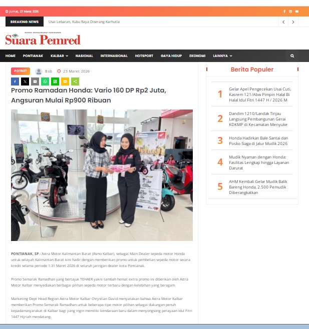 Promo Ramadan Honda: Vario 160 DP Rp2 Juta, Angsuran Mulai Rp900 Ribuan by masmul 23 Maret 2026 in Silahkan kunjungi https://www.suarapemredkalbar.com/read/potret/23032026/promo-ramadan-honda-vario-160-dp-rp2-juta-angsuran-mulai-rp900-ribuan. You Might Like Regional Public Launching New ADV160 The SUV Pride Grand Launching New PCX 160 Truly Exceptional! Tetap hati-hati ya bro sist berkendara saat hujan.
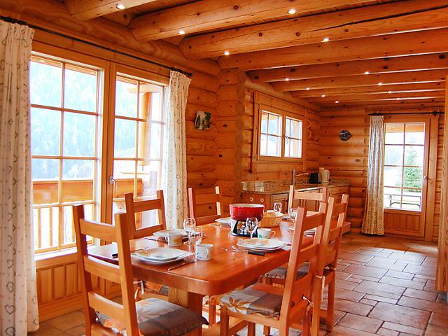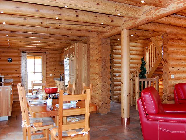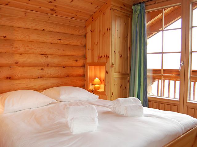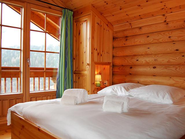 "Gentianes", chalet 4 pièces 160 m2 sur 3 niveaux. Spacieux, aménagement de bon goût et avec beaucoup de bois: grand séjour/salle à manger avec cheminée, TV, lecteur CD et DVD. Sortie sur le balcon, orientée est. Cuisine ouverte (four, lave-vaisselle, 4 plaques vitrocéramique, four micro-ondes, cafetière électrique, Capsules pour machine à café (NESPRESSO) (NON INCLUSES), appareil à raclette, service à fondue (fondue au fromage)). Sortie sur la terrasse. WC séparé. À l'étage inférieur: 1 chambre avec 2 lits (90 cm, longueur 200 cm). Douche/WC. Sous le toit: 1 chambre avec 1 grand-lit (160 cm, longueur 200 cm). Sortie sur le balcon, orientée est. 1 chambre avec 1 grand-lit (160 cm, longueur 200 cm), bain/WC. Sortie sur le balcon. Douche/WC. Terrasse, situation sud et situation est. Meubles de terrasse, chaises longues (3). A disposition: lave-linge, sèche-linge, chaise haute pour enfant, lit bébé jusqu'à 2 ans, sèche-cheveux. Internet (Connexion WIFI, gratuit). Place de parking (2 Voitures), garage, hauteur 200 cm. Veuillez noter: maison non-fumeur.
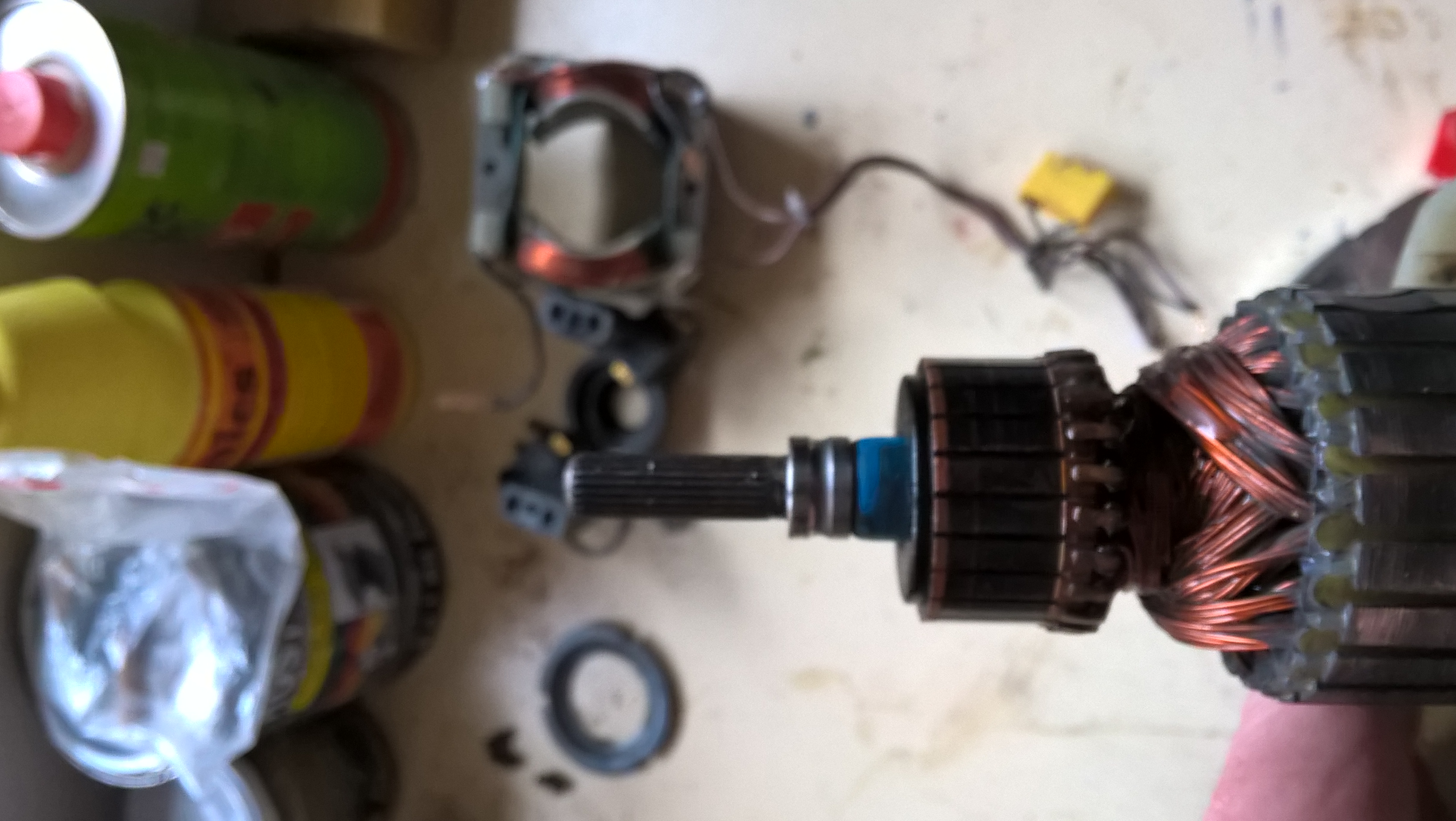 Připrav si malý "dvojpackový" stahovák. Do rozbrušovačky dej nový slabší kotouč. Modrý plastový kroužek obal mokrým hadrem. Pak z obou stran ložiska vybrousíš drážku na packy stahováku a pokud to bude ještě teplé rychle stáhni. Stahovák musíš mít předem nastavený.
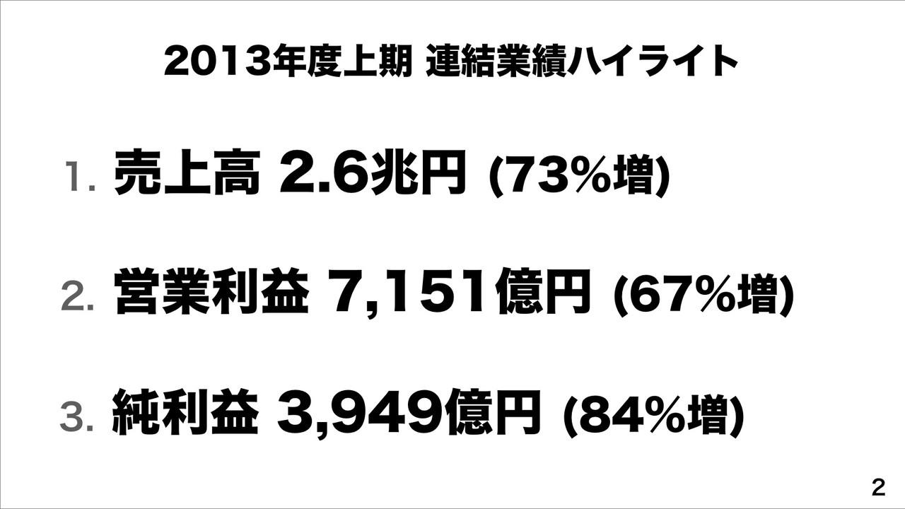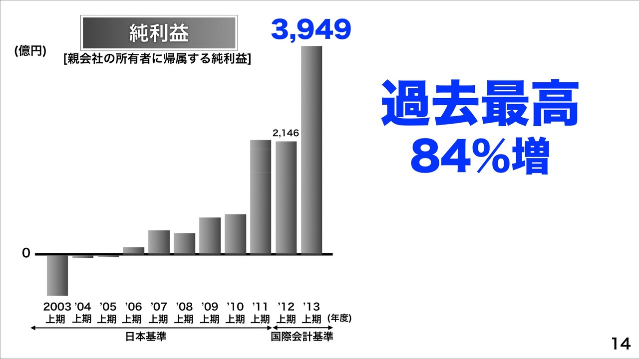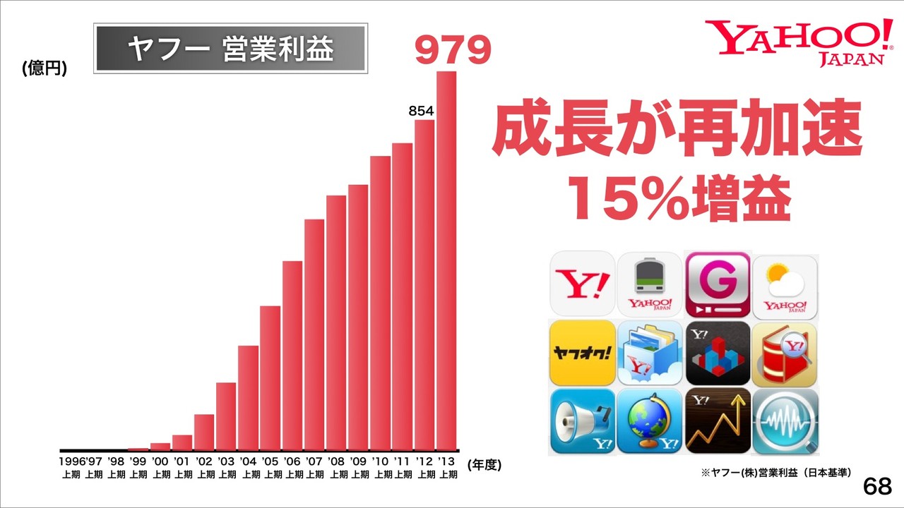 例えば、「イーコマース世界No.1へ」向けて、ヤフージャパンでは、営業利益が2013年度上期で979億円。成長が再加速しており、15%増益。
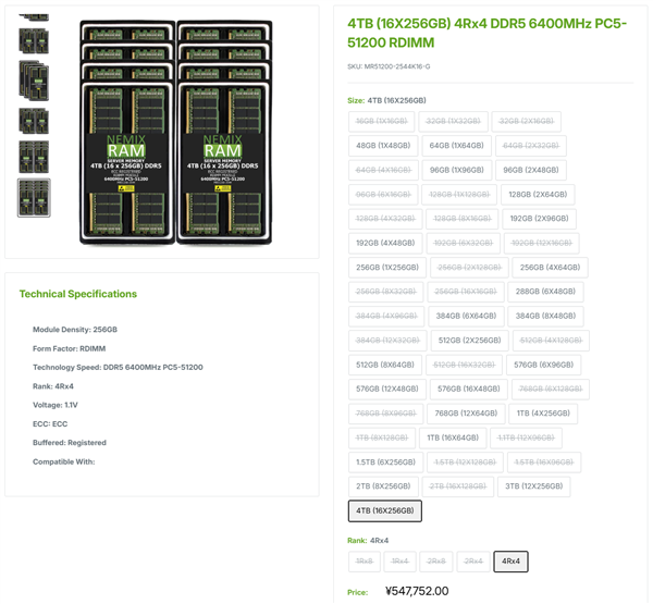 Nemix RAM是一家专注于各类内存销售的供应商,其当前在售的顶级内存产品为一套4TB DDR5大容量套装,该套装专门适配大型服务器使用。
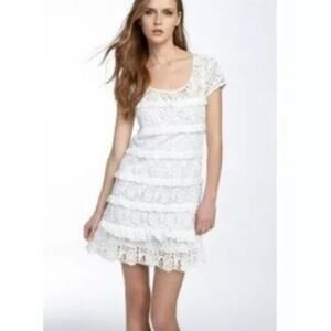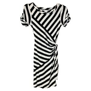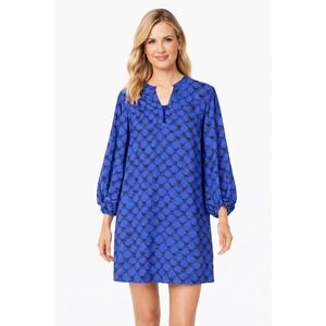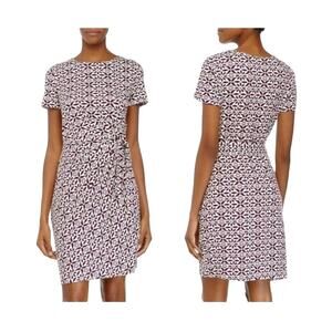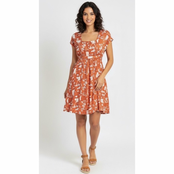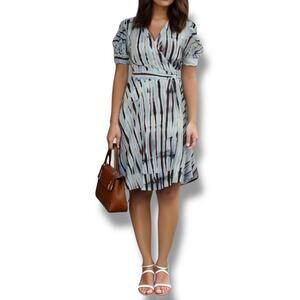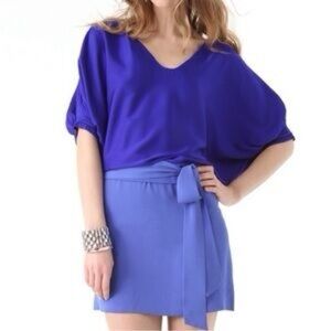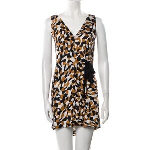 Diane Von Furstenberg Yana Abstract Pattern Short Cap Sleeves Side Waist Ties Square Neckline Hip Pocket Sheer Crinkle Silk Kaftan Babydoll Empire Waist Mini Dress
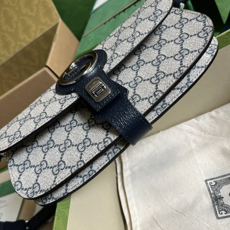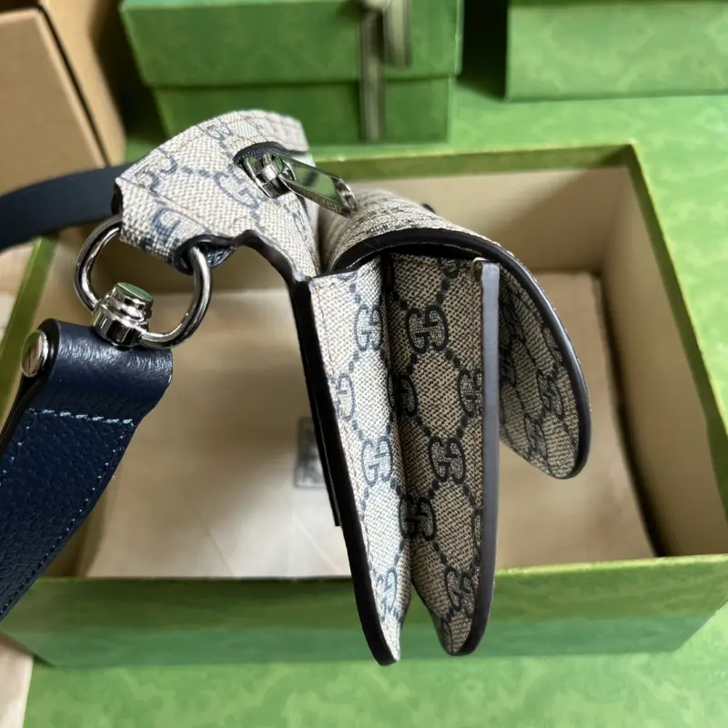 [Comes with full original green box packaging] Gbag Blondie series waist bag, the Gbag Blondie series reinterprets the interlocking double G logo with a geometric shape, which runs through the “Exquisite Gbag” series. The silver-tone buckle injects exquisite retro style into this new beige and ebony GG Supreme canvas waist bag, and the zipper compartment shows a flexible and versatile modern style. Beige and ebony GG Supreme canvas, blue leather details, gold-tone hardware, cotton and linen lining, round interlocking double G, this item can be worn high or low waist, or as a crossbody bag, interior: 2 open compartments, exterior: 1 zipper pocket and 1 card pocket, shoulder strap (42 cm high) twist buckle. Model: 718154. Dimensions: 24 (width) x 4 (height) x 5 cm (depth) Color: blue/pvc. Made in Italy
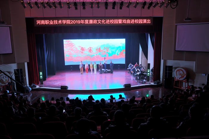 12月23日晚,廉政戏曲进校园活动走进我校,由省豫剧院青年团倾情打造的优秀扶贫题材豫剧《鲁寨情深》在学校音乐厅进行了展演。校党委书记李四清、院长李桂贞和其他校领导班子成员及师生代表共500余人一同观看了演出,共同感受传统戏曲文化魅力。
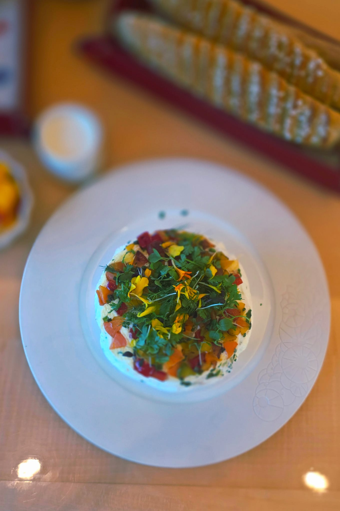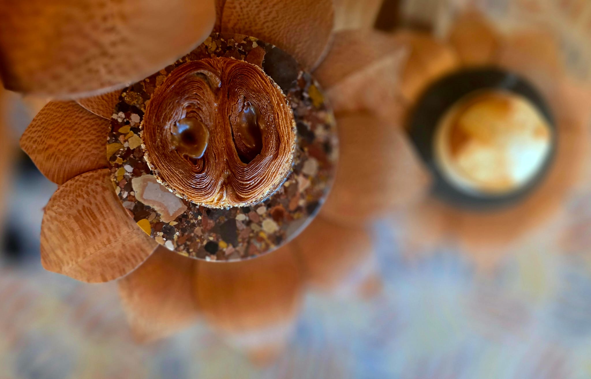 In sala, continuano a scorrere dolci del giorno e viennoiserie, esposte con cura quasi museale ; invitano a soffermarsi, catturano lo sguardo ancor prima del palato. La loro laminazione è così precisa da sembrare tracciata a mano. La trama trova una naturale evoluzione nella parte salata del menù con la scelta dell’Omelette Blanche Soufflé; una dimensione di eleganza costruita sull’aria, dove la superficie superiore evoca una terrazza vegetale. Un edificio gastronomico che vive nella precisione fondata sulla leggerezza. Non cerca l’effetto sorpresa, ma la precisione. Più che stupire, convince. Si coglie uno scarto emotivo, la sensazione è meno incisiva rispetto alla profondità della parte dolce. Ed è lì che l’esperienza trova la sua nota più alta, in quella dolcezza calibrata che continua a risuonare anche mentre il percorso prosegue. La sala accompagna il risveglio con la stessa misura, una cura simile a quella di chi si vorrebbe accanto nelle prime ore del giorno.
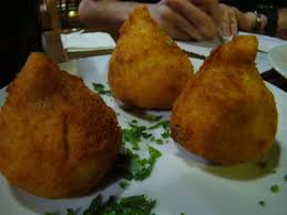 Ao olhar para o lado observei que a senhora tinha em seu prato, três enormes coxinhas de galinha com recheio de catupiri e um copo de suco de 700 ml de refrigerante.
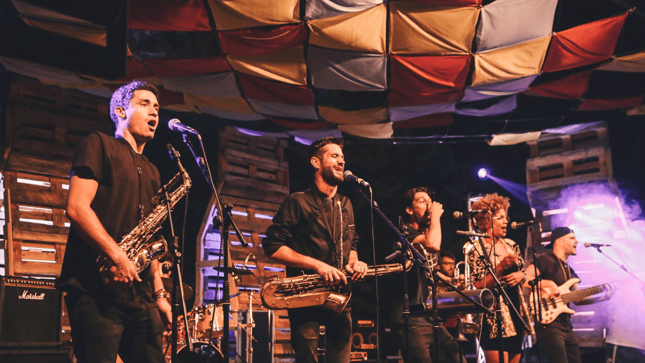 La copertura leggera è stata realizzata mettendo insieme quadrati di tessuto di colori diversi, creando uno sfondo animato ad hoc per i concerti di tutto il weekend, che hanno portato ad Imola una ventata di buone vibrazioni e spirito di aggregazione. x
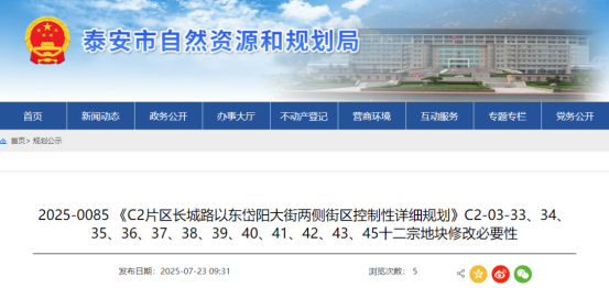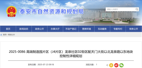 7月23日,泰安市自然资源和规划局发布2则规划公示,具体内容如下:
- - - -
> **EXERCISE OBJECTIVE**: Output should consist of the lines above from the one with "Připrav si malý" down to the one with "12月23日晚,廉政戏曲进校", exact and without pictures.

> **SOLUTION**:
 Připrav si malý "dvojpackový" stahovák. Do rozbrušovačky dej nový slabší kotouč. Modrý plastový kroužek obal mokrým hadrem. Pak z obou stran ložiska vybrousíš drážku na packy stahováku a pokud to bude ještě teplé rychle stáhni. Stahovák musíš mít předem nastavený.
 例えば、「イーコマース世界No.1へ」向けて、ヤフージャパンでは、営業利益が2013年度上期で979億円。成長が再加速しており、15%増益。
 Nemix RAM是一家专注于各类内存销售的供应商,其当前在售的顶级内存产品为一套4TB DDR5大容量套装,该套装专门适配大型服务器使用。
 Diane Von Furstenberg Yana Abstract Pattern Short Cap Sleeves Side Waist Ties Square Neckline Hip Pocket Sheer Crinkle Silk Kaftan Babydoll Empire Waist Mini Dress
 [Comes with full original green box packaging] Gbag Blondie series waist bag, the Gbag Blondie series reinterprets the interlocking double G logo with a geometric shape, which runs through the “Exquisite Gbag” series. The silver-tone buckle injects exquisite retro style into this new beige and ebony GG Supreme canvas waist bag, and the zipper compartment shows a flexible and versatile modern style. Beige and ebony GG Supreme canvas, blue leather details, gold-tone hardware, cotton and linen lining, round interlocking double G, this item can be worn high or low waist, or as a crossbody bag, interior: 2 open compartments, exterior: 1 zipper pocket and 1 card pocket, shoulder strap (42 cm high) twist buckle. Model: 718154. Dimensions: 24 (width) x 4 (height) x 5 cm (depth) Color: blue/pvc. Made in Italy
 12月23日晚,廉政戏曲进校园活动走进我校,由省豫剧院青年团倾情打造的优秀扶贫题材豫剧《鲁寨情深》在学校音乐厅进行了展演。校党委书记李四清、院长李桂贞和其他校领导班子成员及师生代表共500余人一同观看了演出,共同感受传统戏曲文化魅力。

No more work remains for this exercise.